Office administrator Garrison Peters visited a Hyde Park, Massachusetts Stop & Shop grocery store to pick up a few items. What wasn’t on his shopping list was having his dreams crushed by a humorless cashier.

Everyone at work says I’m hilarious,” says Peters. “I love making jokes and seeing people laugh, and I take that energy with me everywhere I go.”

Unfortunately, the Hyde Park Stop & Shop is where he took his energy that particular evening.

“I just love talking to people,” says Peters, “so when I go shopping or something I always make it a point to talk to the employees and try to spread some joy.”

“Yeah, I remember that guy,” says sales associate Noel Geffries. “He was in the produce section and made a joke about ‘taking a leek’, like a pee-pee joke.”

“Oh my god,” says Peters, “I had that guy cracking up!”

“Yeah, I like gave him a pity chuckle,” says Geffries. “It’s just what you do.”

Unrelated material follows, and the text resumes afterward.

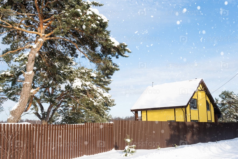 Желтый уютный дом в снегу зимой в деревне окружен соснами. Заснеженная крыша, трубы отопления и вентиляции, трапециевидные окна

“He asked me if the price of the Oreos was the actual price or his phone number,” says stocker Gwenevieve Dunn. “I didn’t really get how that was funny. The Oreos are like $4.59, I don’t see how you could make that mistake. But yeah, I still gave him a little laugh, whatever.”

“Because the prices are so high!” says Peters. “Get it?! Inflation!”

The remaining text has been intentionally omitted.